Fiscalité : Monaco classée parmi les États non-coopératifs

La CE a classifié la Principauté de Monaco au sein du top 30 des « États non-coopératifs ».

Depuis 2009, la Principauté de Monaco paraphe des accords bilatéraux avec plusieurs États tiers. En tout, 32 conventions d’échanges d’informations ont été signées d’après les standards de l’OCDE. Mais actuellement, le pays est soumis à un classement qui concerne particulièrement la fiscalité des entreprises. D’après la publication de la Commission Européenne le 17 juin dernier, la principauté figurerait dans la liste paneuropéenne d’États non-coopératifs.

C’est notamment un Top 30 formé d’États inclus dans des listes noires de plus de 10 États membres, affirme la CE. La commission explique que ce n’est pas elle qui définit quel pays doit être intégré, puisque sa liste n’est autre qu’un recueil des listes noires venant des États membres.

Des impositions élevées

La liste compte entre autres plusieurs États comme Andorre, les Îles Vierges britanniques, les Maldives, Hong Kong, Vanuatu… D’après le gouvernement princier, la CE veut éviter l’optimisation fiscale faite par les multinationales à l’instar de Google et d’Amazon. Il est aussi surpris d’être dans cette liste où il n’y a que des États non adhérents à l’Union Européenne, or il y a plusieurs États membres qui appliquent des taux d’imposition (ISB et TVA) largement en dessous de ceux qui sont appliqués à Monaco. Le gouvernement fait notamment allusion à l’Irlande et au Luxembourg qui proposent les plus faibles taux d’imposition de toute l’Europe au niveau des sociétés.

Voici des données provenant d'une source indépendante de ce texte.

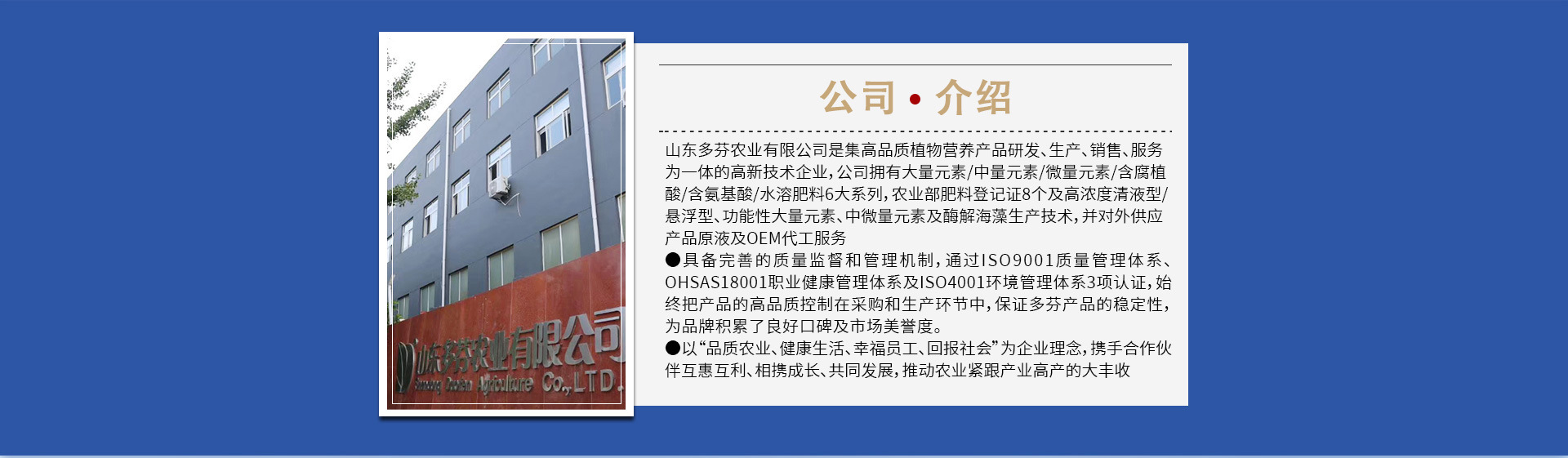 山东多芬农业有限公司是从事新型肥料研发、生产、销售、服务为一体的高新技术企业,专注于液体肥原液生产,证件齐全。主导业务为大型农化企业提供流体肥原液及OEM代工服务,坚持以“品质农业,健康生活”为企业理念
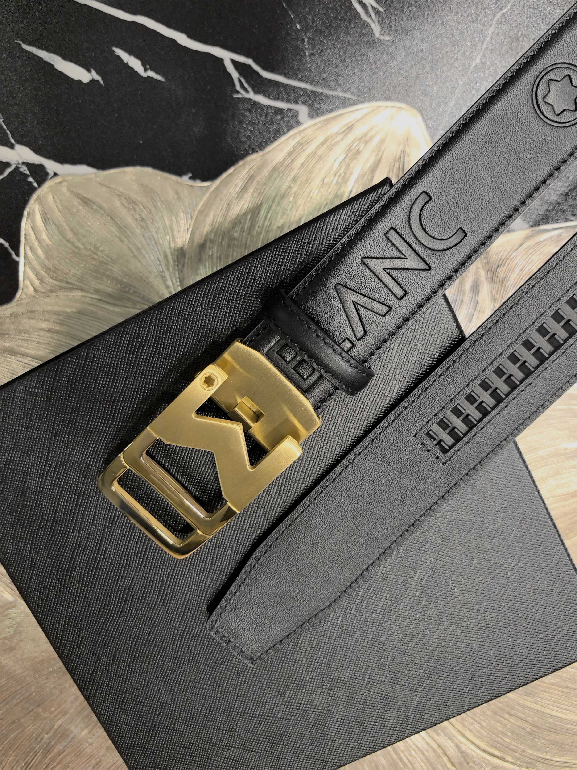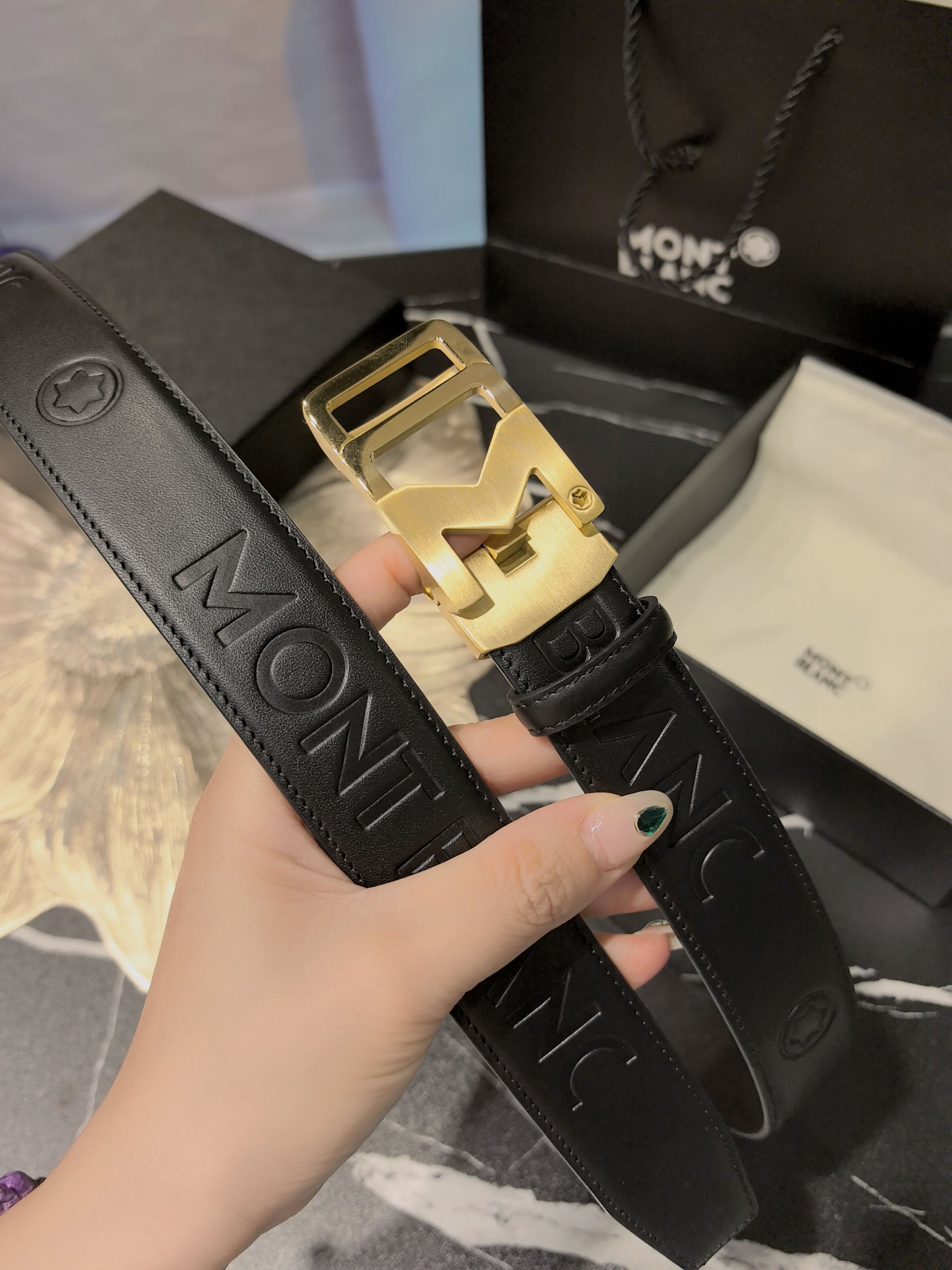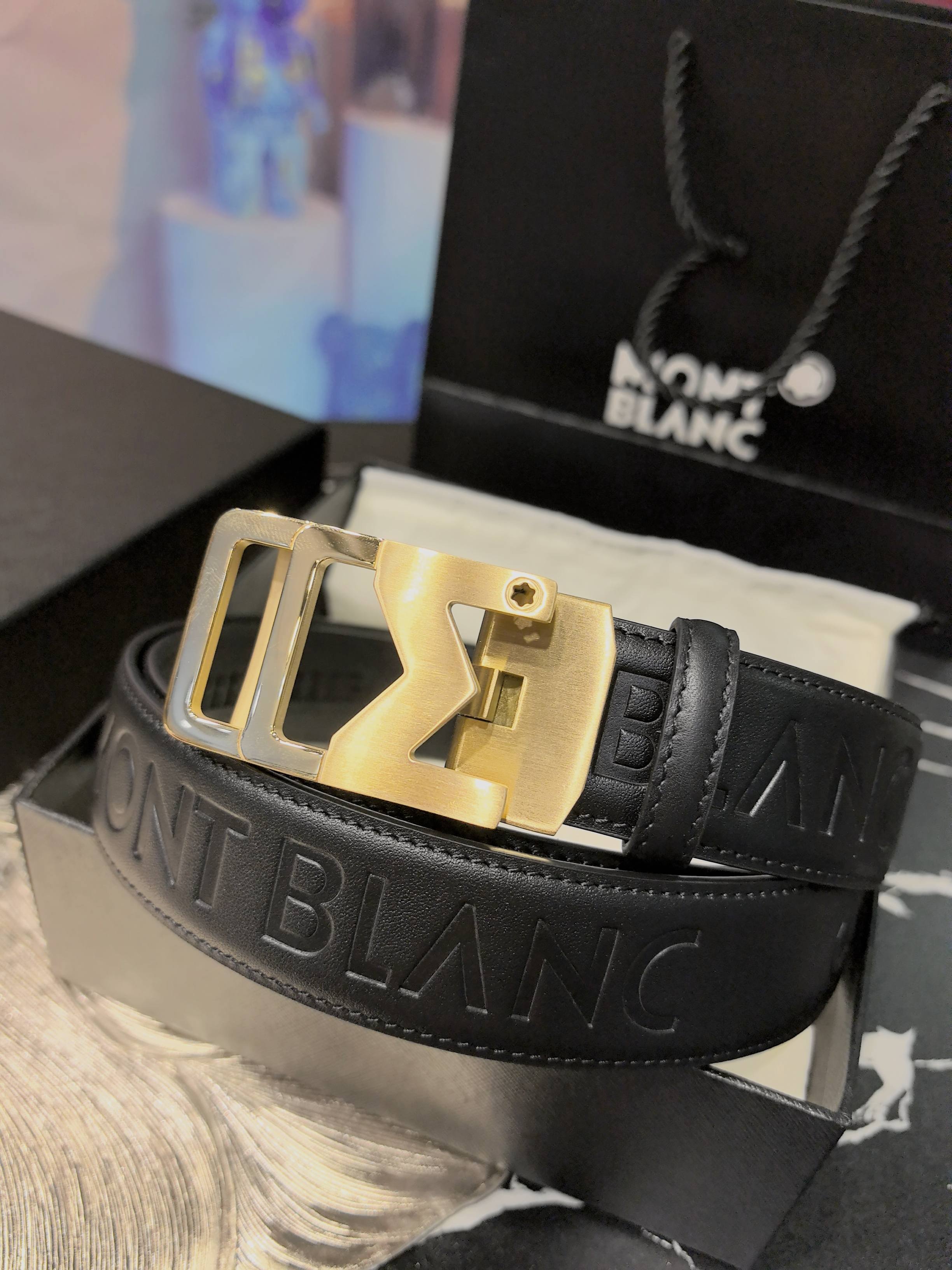 Montblanc original high-end quality, width 3.5 exquisite automatic steel buckle, Italian double-sided imported top-layer calfskin, original black and khaki, excellent feel, great on-body effect, men's favorite, business casual.

La Principauté souligne qu’elle applique un système de fiscalité qui se trouve à l’opposé de l’optimisation fiscale au niveau des entreprises qui réalisent 75% du chiffre d’affaires au-delà des frontières. Dans ce sens, l’ISB (impôts sur les bénéfices) se trouve à 33%, l’un des plus importants sur tout le continent.

Par ailleurs, il est possible que le pays sorte très vite de ce classement. Effectivement, quand l’accord bilatéral d’échanges d’informations sera appliqué, la principauté ne sera plus perçue comme non-coopérative. La Pologne, l’Espagne et l’Italie vont donc la supprimer de leur liste. Concernant les 8 pays qui mettent Monaco dans la liste noire, celui-ci envisage de solliciter son retrait de cette liste dans le cadre d’échanges d’information auxquelles le pays s’est engagé en 2018.